Researchers investigating the connection between serial killers and child abuse identified a group of convicted serial killers and then found out which of them had a history of childhood abuse. Is this an example of a retrospective or prospective study?

  • (a)

    (b) The margins of error are close. In fact, if rounded to one decimal place, the margins of error are both 3.1%.

313

Based on many studies, we can say that the connection between smoking and lung cancer is statistically significant. That is, it is far stronger than would occur by chance. We can be confident that something other than chance links smoking to cancer. But observation of samples cannot tell us what factors other than chance might be at work. Perhaps some other factor is involved, such as differences in diet or exposure to air pollution. Perhaps there is something in the genetic makeup of some people that predisposes them to both nicotine addiction and lung cancer. If so, we would observe a strong link even if smoking itself had no effect on the lungs.

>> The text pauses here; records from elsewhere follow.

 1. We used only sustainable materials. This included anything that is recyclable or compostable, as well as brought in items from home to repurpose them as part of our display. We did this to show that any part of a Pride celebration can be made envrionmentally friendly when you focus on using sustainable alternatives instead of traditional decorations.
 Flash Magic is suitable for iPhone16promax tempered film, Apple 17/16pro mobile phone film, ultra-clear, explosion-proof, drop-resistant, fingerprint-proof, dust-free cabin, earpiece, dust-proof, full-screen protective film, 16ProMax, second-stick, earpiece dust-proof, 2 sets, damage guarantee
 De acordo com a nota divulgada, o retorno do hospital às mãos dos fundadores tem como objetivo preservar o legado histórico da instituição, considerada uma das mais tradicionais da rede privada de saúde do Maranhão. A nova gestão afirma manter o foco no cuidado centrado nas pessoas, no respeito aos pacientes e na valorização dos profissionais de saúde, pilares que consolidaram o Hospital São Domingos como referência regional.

However, the statistical evidence that points to cigarette smoking as a cause of lung cancer is about as strong as nonexperimental evidence can be. First, the connection has been observed in many studies in numerous countries. This eliminates factors peculiar to one group of people or to one specific study design. Second, there is a dose–response relationship: People who smoke more are more likely to get lung cancer than those who smoke less, and quitting cigarettes reduces the cancer risk. Third, specific ways in which smoking could cause cancer have been identified; cigarette smoke contains tars that have been shown by experiments to cause tumors in animals. Finally, no plausible alternative explanation is available. For example, the genetic hypothesis cannot explain the increase in lung cancer among women that occurred as more and more women became smokers. Also, the hypothesis was not supported by studies of identical twins where only one smoked.

It is very difficult and complicated to amass convincing evidence from observational studies and rule out all possible alternative explanations. This is why we have a strong preference for the more conclusive statistical evidence that we get from randomized comparative experiments when it is possible and ethical to conduct them. Despite their status as the “gold standard” of research, however, experiments can also have weaknesses. The most common of these is a contrived condition that makes it hard to say how far results may apply beyond a controlled laboratory setting.

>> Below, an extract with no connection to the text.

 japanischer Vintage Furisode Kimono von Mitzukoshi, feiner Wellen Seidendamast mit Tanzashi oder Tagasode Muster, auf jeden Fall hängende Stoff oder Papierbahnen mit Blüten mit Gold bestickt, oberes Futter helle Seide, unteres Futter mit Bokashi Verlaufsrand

EXAMPLE 13 Is the Experiment Realistic?

Clinical trials give medical treatments to actual patients with the condition that the treatments are supposed to help. But some experiments are less realistic in terms of how well experimental conditions align with the usual circumstances of what is of greatest interest. For example, a researcher studying stages and cycles of sleep observes patients overnight in a special “sleep lab” that can monitor their electroencephalography (EEG) waves and other data. However, individuals may sleep quite differently in a lab setting than in the natural sleeping environment of their bedroom at home.

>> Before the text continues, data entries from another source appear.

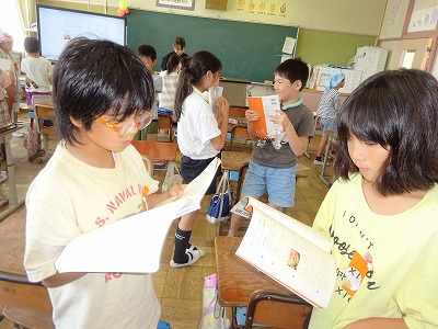 7月11日 国語×社会の学習【3年】 公開日 2023/07/11 更新日 2023/07/11 学校日誌 社会の時間に学習したスーパーマーケットの工夫を、国語学習の中で新聞形式にまとめていきます。どのようにまとめていくのかを、教科書を音読しながら確認していました。
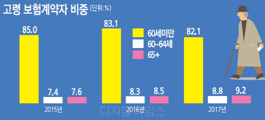18일 보험연구원의 오승연 연구위원과 이규성 연구원이 발표한 '고령 보험계약자의 청구서비스 개선 과제' 보고서에 따르면 전체 보험계약자 중 60세 이상 고령층이 차지하는 비중은 2015년 15%에서 2017년 18%로 늘었다. 특히 65세 이상 보험계약자가 차지하는 비중은 같은 기간 7.6%에서 9.2%로 증가했다.
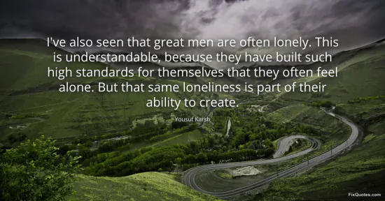 Karsh, Yousuf. "I've also seen that great men are often lonely. This is understandable, because they have built such high standards for themselves that they often feel alone. But that same loneliness is part of their ability to create." FixQuotes. January 16, 2026. https://fixquotes.com/quotes/ive-also-seen-that-great-men-are-often-lonely-132648/.
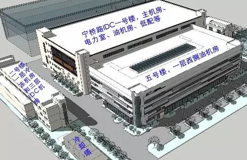 寧橋數(shù)據(jù)中心是上海移動(dòng)利用原金橋地區(qū)惠而浦廠房改建成的互聯(lián)網(wǎng)企業(yè)定制的高端數(shù)據(jù)中心;荻謴S區(qū)內(nèi)有一號(hào)樓廠房、二號(hào)樓廠房和五號(hào)樓廠房,老廠房的建設(shè)面積為18500平方米,建筑層數(shù)3層,改建后共7個(gè)機(jī)房模塊,共安裝機(jī)柜2000個(gè),總外市電容量2路16000kVA。
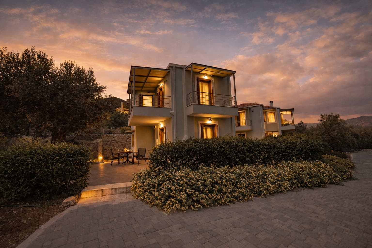 In Palaia Epidavros gelegen, bieten die Villen einen Blick auf Meer und Berge — inmitten einer Landschaft aus Licht und uralten Olivenbäumen.
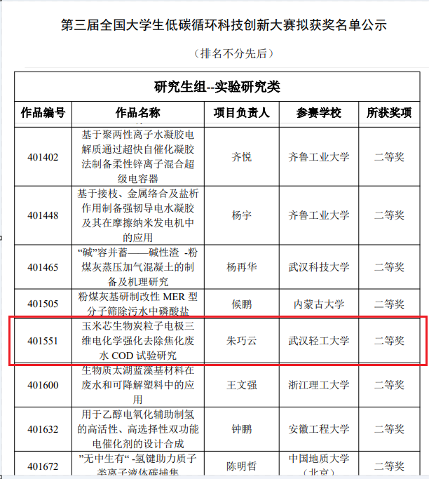 9月7日,第三届全国老员工低碳循环科技创新大赛决赛在杭州举行。公司张垒、杨琳、赵冲老师指导的“炭索未来—玉米芯生物炭粒子电极三维电化学氧化去除焦化废水COD试验研究”项目获得研究生组-实验研究类国赛二等奖。该项目是由beat365官网中文版本研究生朱巧云主持,2023级研究生任文杰和2022级本科生张万强、陈宏康、蒋典和2023级马欣宇同学共同完成。此次比赛获奖刷新了公司在该项赛事中历史最好成绩,实现公司该项赛事的重要突破,体现了公司员工科研水平和人才培养质量的成果。
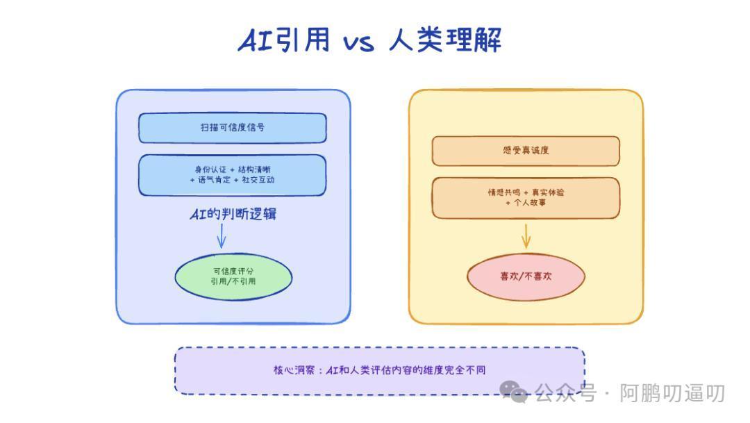 这不是说真诚没用。真诚对用户有价值,但对AI的引用算法没有直接价值。
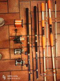 4 canne pesca traina mare 4 e 5 libre più 2 mulinelli rotanti più 1 fisso più bobina filo mai usati praticamente nuovi vendo a 200 euro 347 5945123 Dario
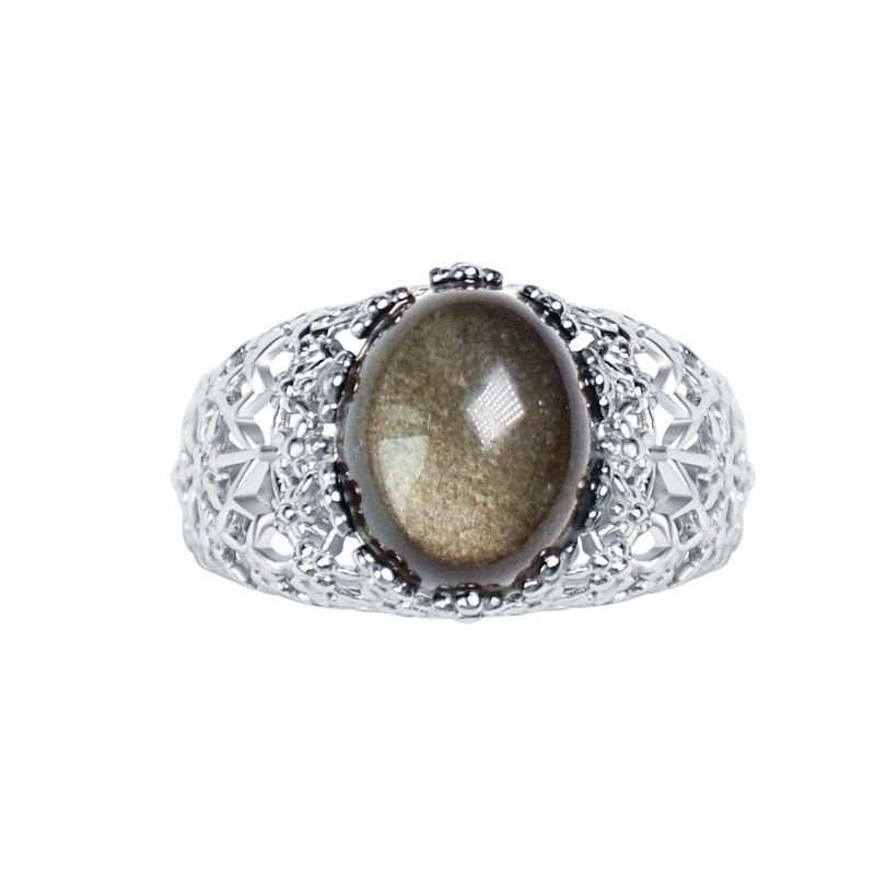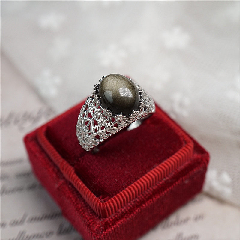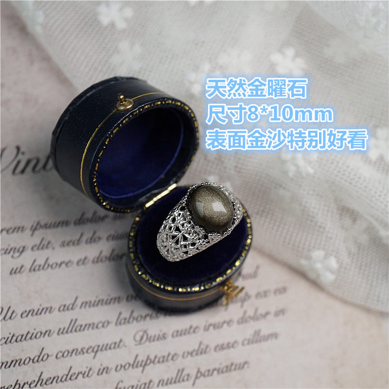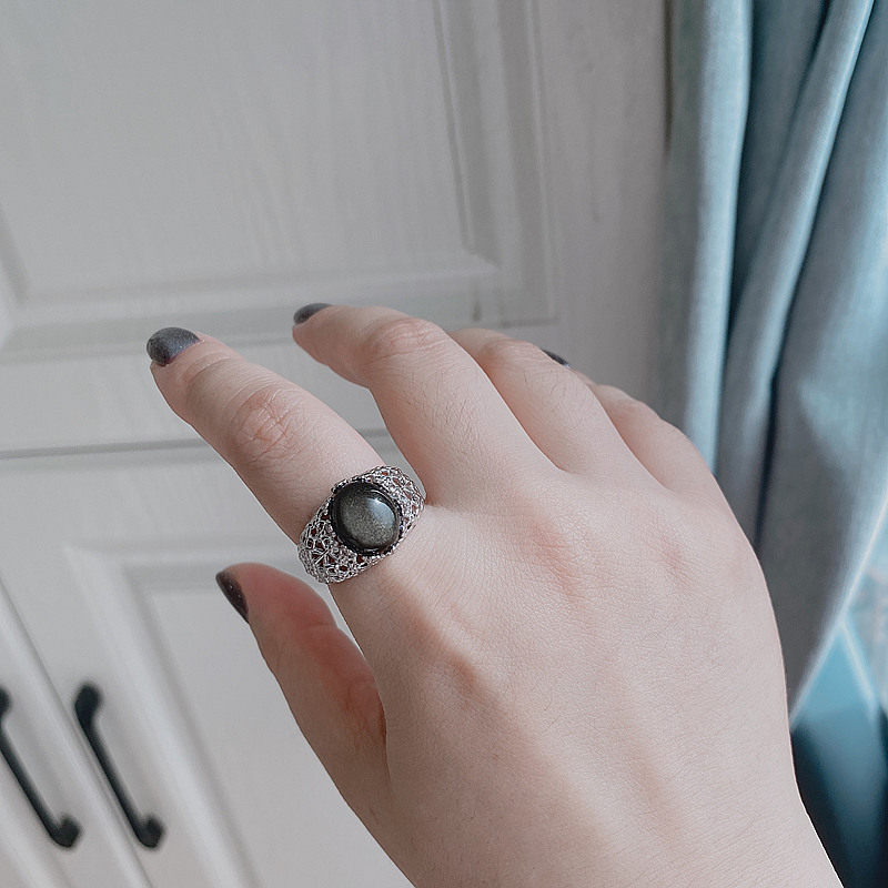 📚 天然黑曜石金曜石蕾丝戒指大码食指纯银指环气质夸张可调节新年礼
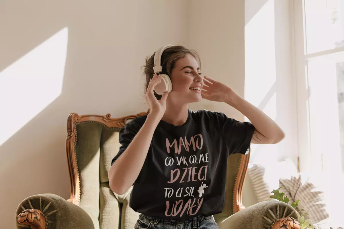 KOSZULKA dla Mamy Z KOLOROWYM NADRUKIEM na Dzień Matki: "Mamo co jak co, ale dzieci to ci się udały" kolor czarny
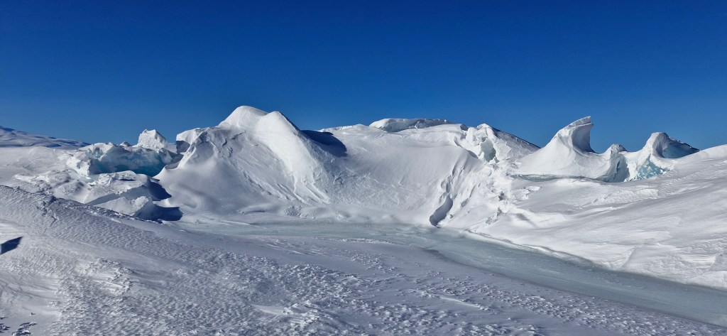 Yesterday we went for a walk around the pressure ridges, which are raised ice formations caused by the sea ice pushing up against the land, not dissimilar to tectonic plates. This often causes small gaps which seals can come up through from the ocean onto the ice, or thinner areas of ice which the seals chew through with their teeth. It is the beginning of birthing season at the moment, so we encountered some new pups too! The rules are that you must pass animals with at least 10m distance, but if you stop that far away, they can approach you without you having to move back. Sadly no seals wanted to see us close up today.

Another type of example is that some studies on animals may be limited in how reliably their conclusions might apply to humans. Penicillin, for instance, is highly toxic to guinea pigs, but it has been a very helpful medicine for humans.

These are not statistical questions. Researchers must use their understanding of their academic domain to judge how far their results apply. Good statistical design enables us to trust results for the participants in the study at hand, but additional knowledge and judgment are needed to decide the extent to which conclusions might be generalized to other settings.

Figure 7.5 gives a conceptual overview of the types of designs we have covered in these last two sections.

314

image
Figure 7.5: Figure 7.5 This flowchart shows how to distinguish the types of studies in Sections 7.5 and 7.6.